• Exercise goal
When you reach the line with "그는 베이지색 니트를", transcribe it and each line after it through the last one below, exactly. Pictures stay out.
[Start of Attachment]
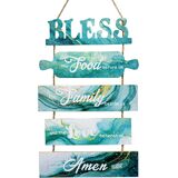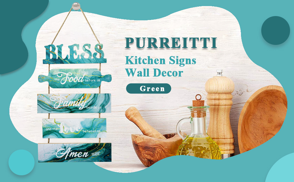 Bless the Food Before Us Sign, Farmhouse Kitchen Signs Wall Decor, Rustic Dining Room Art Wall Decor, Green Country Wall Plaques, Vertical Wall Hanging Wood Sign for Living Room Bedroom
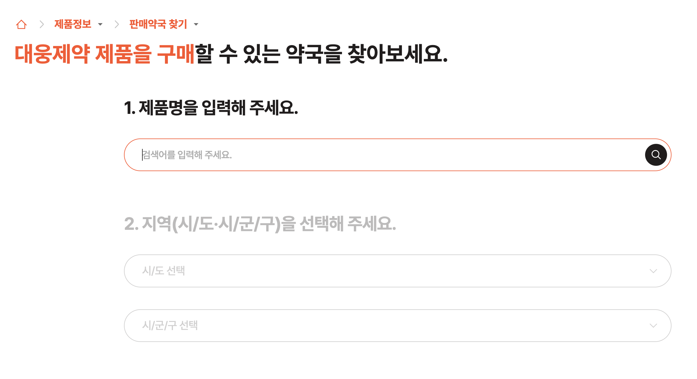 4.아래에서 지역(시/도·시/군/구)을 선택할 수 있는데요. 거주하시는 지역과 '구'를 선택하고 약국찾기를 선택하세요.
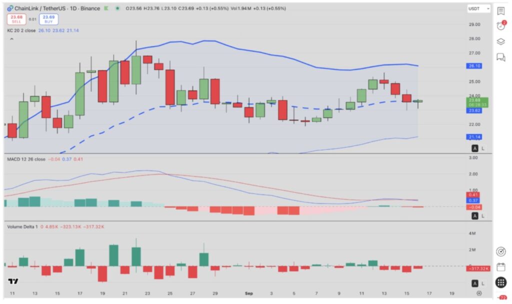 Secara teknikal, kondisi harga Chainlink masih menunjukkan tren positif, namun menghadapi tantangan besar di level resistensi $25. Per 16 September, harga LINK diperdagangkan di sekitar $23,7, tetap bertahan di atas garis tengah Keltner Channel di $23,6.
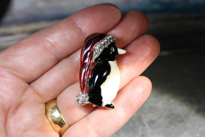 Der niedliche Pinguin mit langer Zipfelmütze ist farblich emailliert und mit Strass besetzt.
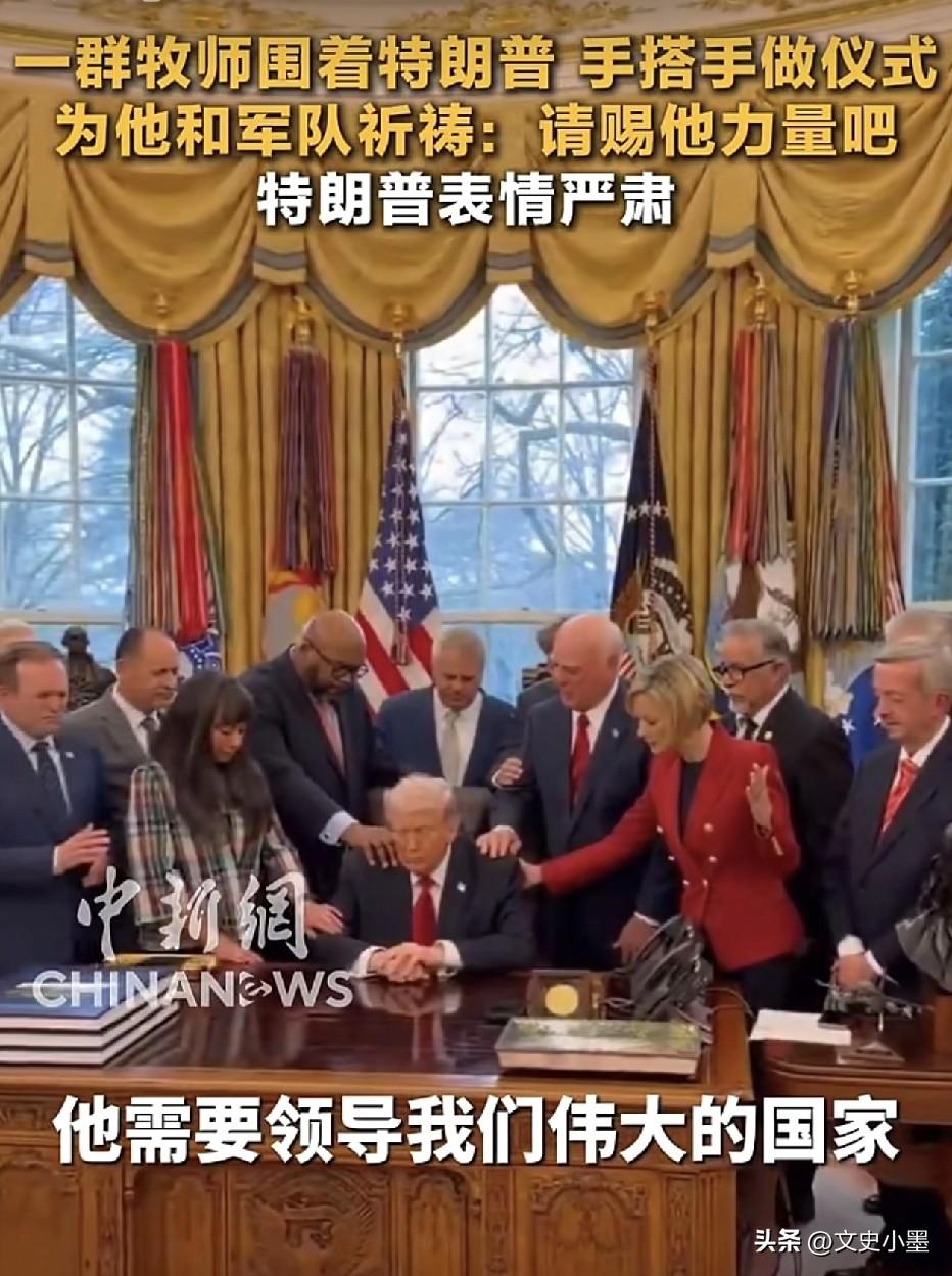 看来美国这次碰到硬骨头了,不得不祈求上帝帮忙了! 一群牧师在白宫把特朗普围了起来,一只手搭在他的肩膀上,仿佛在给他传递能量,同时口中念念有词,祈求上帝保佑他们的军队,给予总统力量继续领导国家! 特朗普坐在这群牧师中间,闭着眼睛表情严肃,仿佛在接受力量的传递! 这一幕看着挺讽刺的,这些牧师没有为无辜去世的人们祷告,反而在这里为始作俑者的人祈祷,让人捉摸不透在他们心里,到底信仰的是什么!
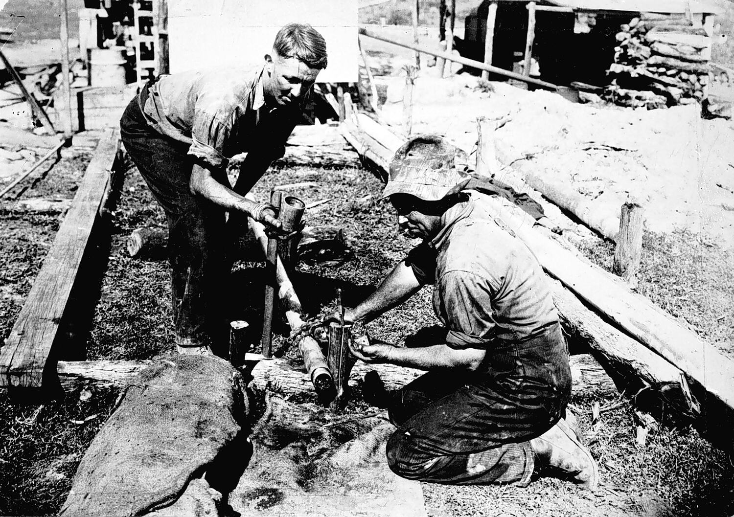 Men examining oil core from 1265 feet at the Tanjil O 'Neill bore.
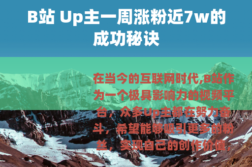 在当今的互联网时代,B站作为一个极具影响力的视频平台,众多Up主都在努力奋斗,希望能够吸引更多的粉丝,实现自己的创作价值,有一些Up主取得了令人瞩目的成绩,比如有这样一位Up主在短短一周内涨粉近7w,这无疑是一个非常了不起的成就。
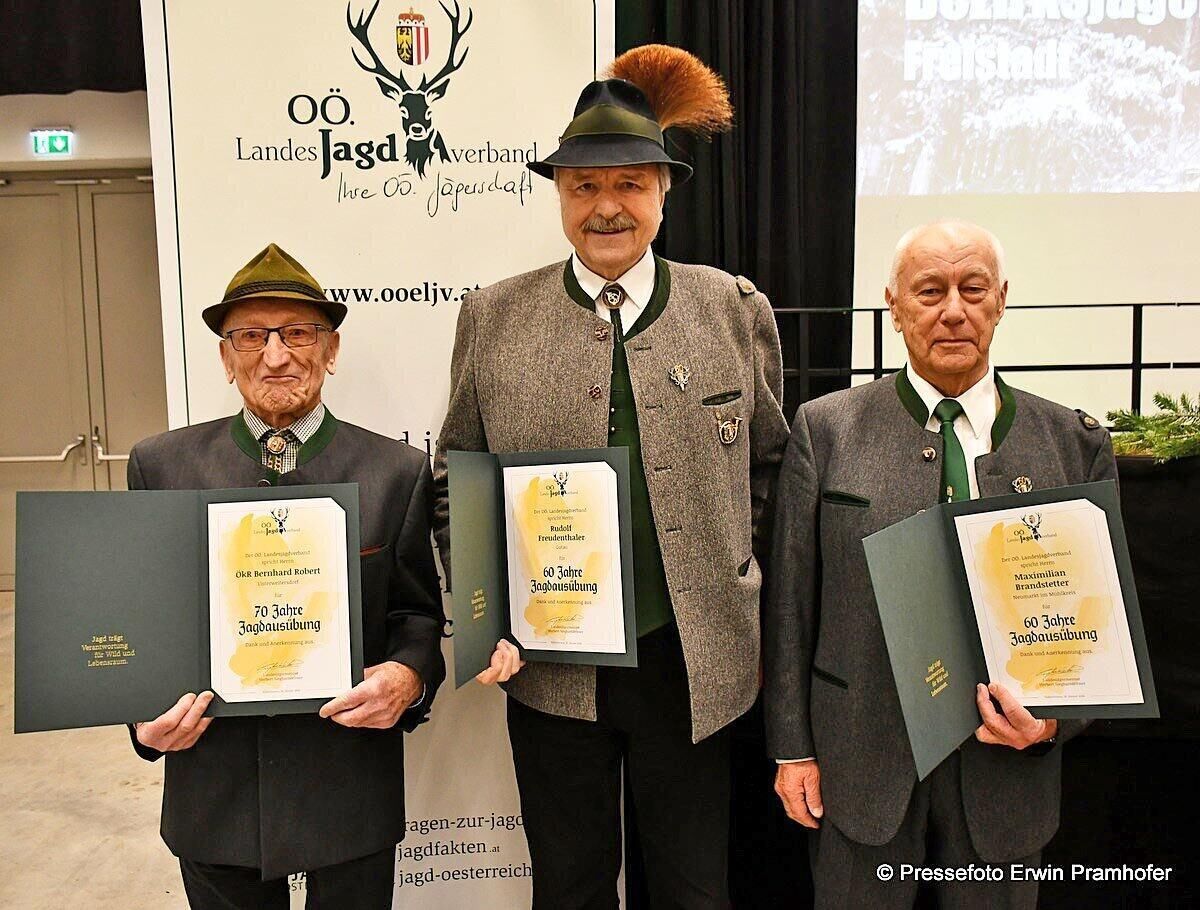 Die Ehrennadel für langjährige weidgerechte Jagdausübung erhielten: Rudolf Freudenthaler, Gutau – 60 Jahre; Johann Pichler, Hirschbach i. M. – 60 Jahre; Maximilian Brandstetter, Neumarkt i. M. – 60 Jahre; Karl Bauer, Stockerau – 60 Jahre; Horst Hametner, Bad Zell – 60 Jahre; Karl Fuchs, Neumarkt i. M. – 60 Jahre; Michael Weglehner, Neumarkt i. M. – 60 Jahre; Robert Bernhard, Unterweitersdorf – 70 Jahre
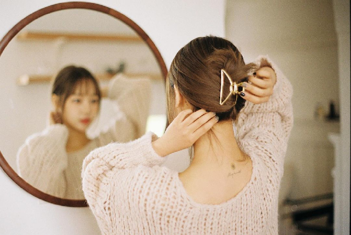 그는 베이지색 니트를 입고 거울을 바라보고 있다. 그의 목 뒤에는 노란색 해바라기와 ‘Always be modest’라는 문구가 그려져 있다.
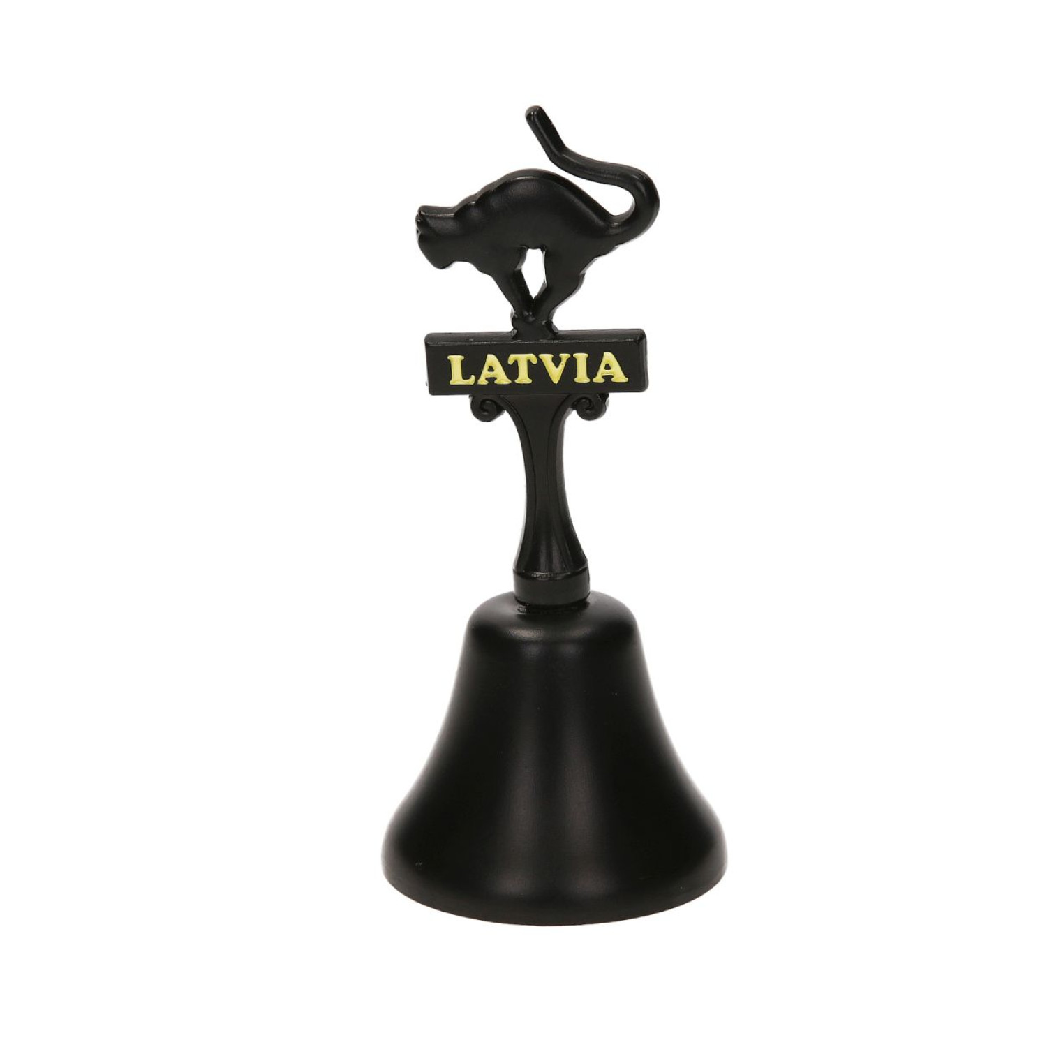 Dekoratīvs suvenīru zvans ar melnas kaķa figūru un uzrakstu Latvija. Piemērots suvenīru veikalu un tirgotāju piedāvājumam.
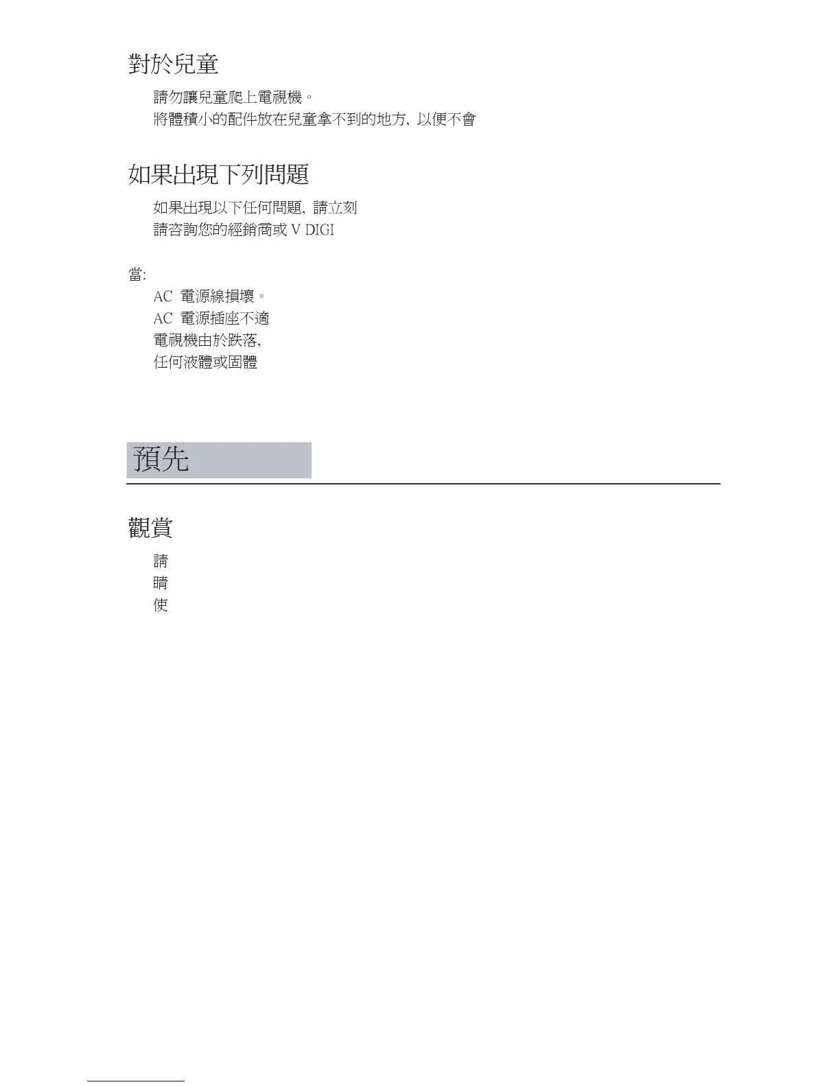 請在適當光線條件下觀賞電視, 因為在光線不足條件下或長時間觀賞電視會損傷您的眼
[End of Attachment]
• Solution below
 그는 베이지색 니트를 입고 거울을 바라보고 있다. 그의 목 뒤에는 노란색 해바라기와 ‘Always be modest’라는 문구가 그려져 있다.
 Dekoratīvs suvenīru zvans ar melnas kaķa figūru un uzrakstu Latvija. Piemērots suvenīru veikalu un tirgotāju piedāvājumam.
 請在適當光線條件下觀賞電視, 因為在光線不足條件下或長時間觀賞電視會損傷您的眼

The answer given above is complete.